Where and how digital currencies are stored
Where can digital currencies be stored to prevent fraudsters from stealing them? This question often haunts newbies. Here’s the answer: cryptocurrency is stored in wallets. Such a wallet can be either a regular program on a laptop, or an application on a smartphone or a wallet on the Internet, which can be accessed using any browser..
The safest method of storing digital currencies is, of course, a hardware wallet. The hardware wallet cannot be accessed over the network. The fact is that this is a separate portable compact device not connected to the Internet..
Sometimes such a wallet is divided into several parts, which are stored in different places. This further increases the security of cryptocurrency assets..
Where to get digital currency
The article comes to an end. Let’s talk about how to get cryptocurrencies. In order not to prolong my story, I will list only the main ways. Digital currencies can be bought on crypto exchanges for fiat, that is, for regular currency. You can also use the services of exchangers.
There are options for how to earn coins without investment.
First, you can go for mining. For mining, you need to create a powerful station from video cards or ASIC miners. Sufficiently experienced techies can handle it. Your “farm” will perform the complex mathematical calculations required for the network to work. And you will receive a reward for this in the form of cryptocurrencies.

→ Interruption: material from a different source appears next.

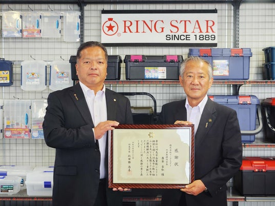 創業より137年に渡り国内自社製造の工具箱を販売する、株式会社リングスター(営業本部:奈良県生駒市、代表取締役:唐金 吉弘)は、長崎県対馬市へ漂着した海洋プラスチックごみ(オーシャンプラスチック)を、耐久消費財として使用した収納ボックスを販売するプロジェクトを開始し、対馬市に44万円を寄付いたしました。それによって2024年5月30日(木)、長崎県対馬市の比田勝尚喜市長より感謝状を賜るとともに、対馬市しまづくり推進部SDGs推進課、生駒市SDGs推進課、株式会社リングスターの三者の代表者による三者鼎談を実施いたしました。

Secondly, you can also do cloud mining. This term is understood as the use of other people’s capacities for the extraction. You will rent them and pay a certain amount of money for it. It may turn out that this will not be profitable for you. Check it yourself.
Third, you can use taps. These are special resources that offer almost free coins. To do this, you will need to complete various tasks: watch ads, register on sites, etc. Try it if you do not mind your time.
Remember, digital currencies are very different. So if you decide to become a member of the cryptocurrency industry, find yourself a suitable project. It is not necessary to buy Bitcoin or Ethereum, but it is better to focus on cryptocurrency, which occupies top positions in terms of trading volumes. There are hundreds of interesting projects, but in order to protect yourself, it is better to choose the cryptocurrency that is associated with a real, operating business. Let me remind you that in one of my articles I told you how to correctly compose an investment portfolio. Good luck to you!
“In recent decades, the US dollar has performed its target relatively well. But in countries and corners of the financial system where traditional money services are underserved, bitcoin (and cryptocurrencies in general) can offer viable alternatives. “,
Goldman Sachs analysts Zach Pandle and Charles Himmelberg.